A leader of one of the 3000 new religious movements in Japan said: “Men are superior and women are the cause of all calamity in the world.”

29 September 2001, Yoeri Albrecht and Harm Ede Botje, ‘Why many Muslims hate America’, VN

The Arabist Hans Hansen of the University of Leiden […] emphasises that Muslims, just as for example the Christians, view themselves as superior in relation to other religions. ‘Muslims also believe that everything that is non-Islamic is not allowed. The Islamic state is better than any other. In the Qur’an it is always written that God assures the believers triumph.’

“There is an important difference between Orthodoxs and Fundamentalists. The former want to live to the letter of the Islamic law, but do not see the jihad or holy war as an important component of religion. The fundamentalists, however, do. They are completely convinced that the true religion can be spread by taking up weapons in hand. […] Everyone who maintains a deviant thought is a heretic. In essence are the fundamentalists against every form of renewal. They want to live like in the time of the Prophet Mohammed. […] Extremist Muslims have the holy conviction that they hold the truth. They believe that their truth come directly from God and they are able to force this on all other people in the world with violence.”

“The fatalism of the Taliban and Bin Laden is not different from that of the RAF-terrorists in Germany, the ETA in Spain, the IRA or Timothy McVeigh, de perpetrator of the attack in Oklahoma City. There is a big difference. The fundamentalists reject any form form of progress.”

The fundamentalism of the Saudis is based on the teachings of the Wahhabites 
“named after the founder Mohamed ibn Abd al-Wahhaab, who lived in the 18th Century. He wanted to bring Islam back to its bare essentials. Only what is in the Qur’an and the Sunna (the mores of the Prophet), can function as the basis for the belief and society. The sacred texts must be taken literally. The result is a society in which the man and woman is kept strictly separate […]”

5 October 2001, Dirk-Jan van Baar, ‘Wanted: Muslim leadership’, HP / De Tijd 

“Everyone can see that the Muslim world allows itself to be intimidated by extremist forces and is not cut out against the demands of [this] time. Only an Islam that deals with the derailments within its own circle and which develops in a democratic direction deserves respect.”

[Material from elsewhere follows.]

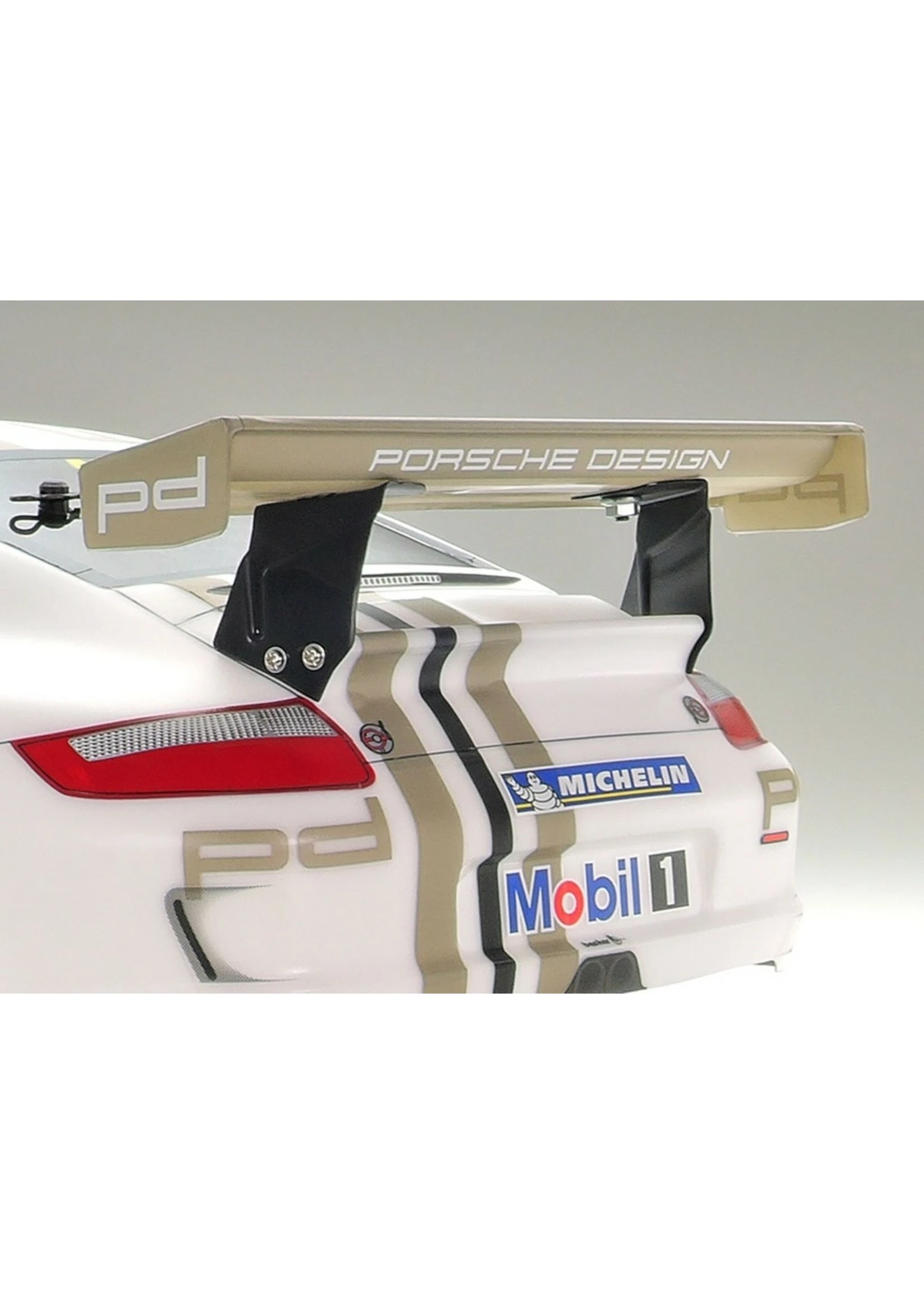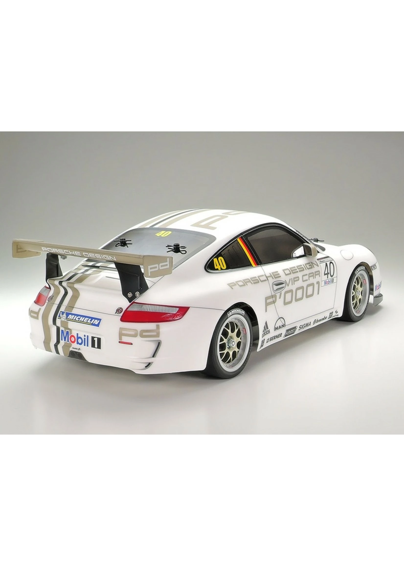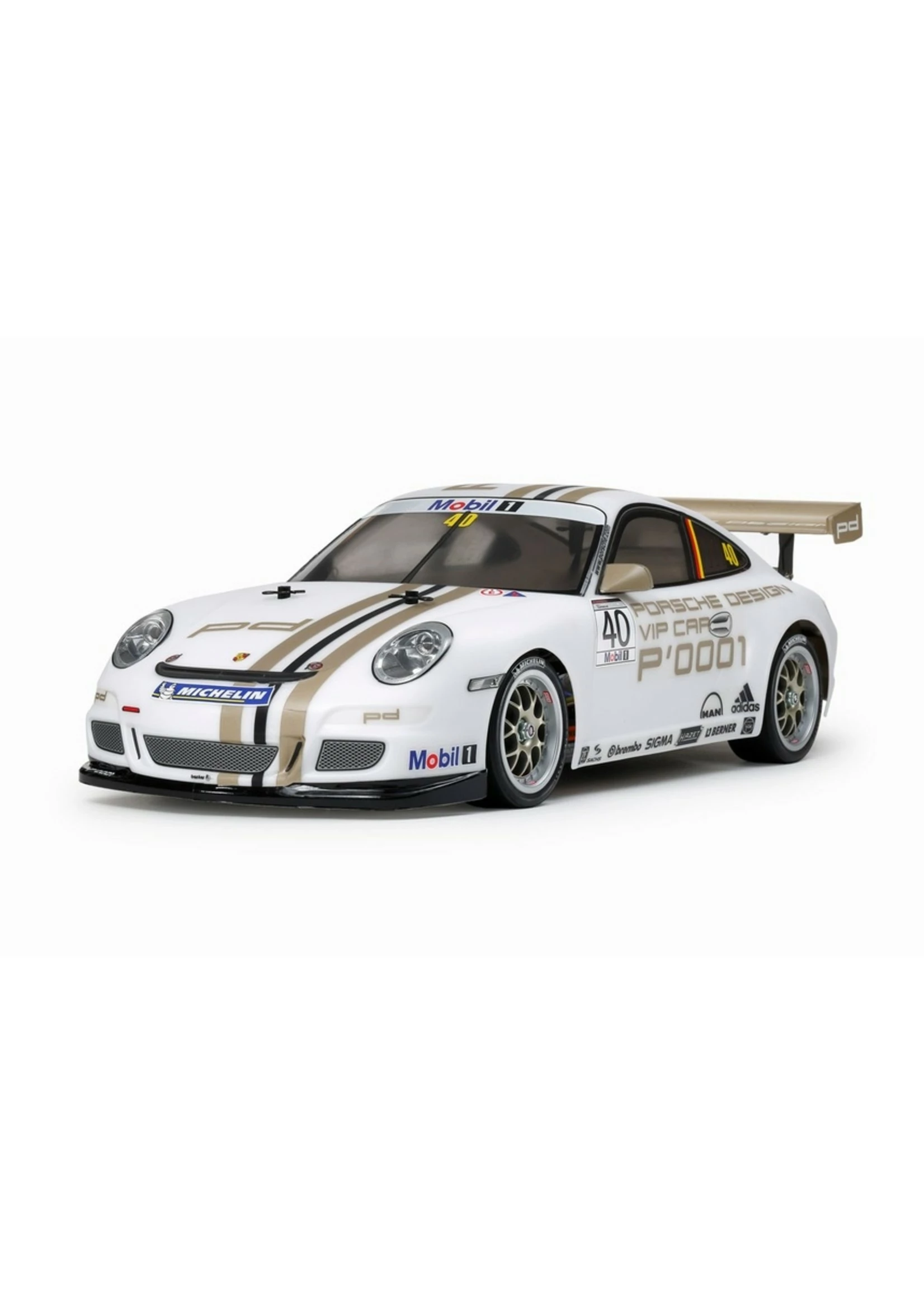 This Tamiya R/C kit faithfully recreates the Porsche 911 GT3 CUP VIP customer race car. The 911 GT3 Cup car was developed for the Porsche Super Cup, a single-make racing series gracing circuits around the world. The VIP car recreated by this assembly kit was run by Porsche themselves and was driven upon invitation by a different driver according to the race. Its powerful form and rear wing are recreated expertly in durable and lightweight polycarbonate, with separately molded side mirror parts, plus metal-plated light cases that allow the installation of separately sold LEDs front and rear. Stickers are included in the kit to recreate numerous sponsor logos and other markings.

6 October 2001, ‘Behind the veils of Islam’ , VN Dossier

Islam is for many a great evil. Whoever claims to be a follower of the Prophet Mohammed runs the risk of being put in dock. Even though the western leaders have since 11 September done their best to preach reconciliation, within the population it is swarming with misconceptions of what the Islamic belief entails. 

Thijs de Boer, ‘Will the real Muhammed awake?: From peacemaker to conqueror’ 
Muhammed saw himself as conciliator and a tolerant philosopher. He was against suicides—even against those inspired by religion—and loved fragrance and women.. Why is he getting the blame for every deed of terrorism now? Attempt to restore the honour of the Prophet. 

Hans Jansen, ‘A person cannot be any worse than a Crusader: Islamic fundamentalism in short’ 
The fundamentalists have been put in the dock after the attacks on America as the perpetrators. But how guilty are the governments of the Middle East actually?

13 October 2001, Pieter Kottman, ‘Disco-goer changes into an extremist: Isolated, uprooted youths can be vulnerable for hate dogmas’, NRC 

“Moussaoui [the brother of Zacarias, the so-called ‘twentieth terrorist’ ] persistently points to the peaceful teachings of Sunnite Islam and to the necessity to see the texts in their historical context. ‘I did research, went to all the mosques in the neighbourhood, because I wanted to know what he was occupied with. Only after two years, in 1994, did I see the texts that were so-called derived from the Qur’an, that showed commonalities with the radical opinions of my brother. Alarming texts, calling for hatred, violence and segregation, completely in conflict with what the Sunnite Islam stands for. I saw the danger because I saw what it did to my brother, with whom it was impossible to communicate. At that moment I decided to deploy myself to protect youths against that trap. A trap that is set by people who are only driven by hunger for power and lust for money.’ ”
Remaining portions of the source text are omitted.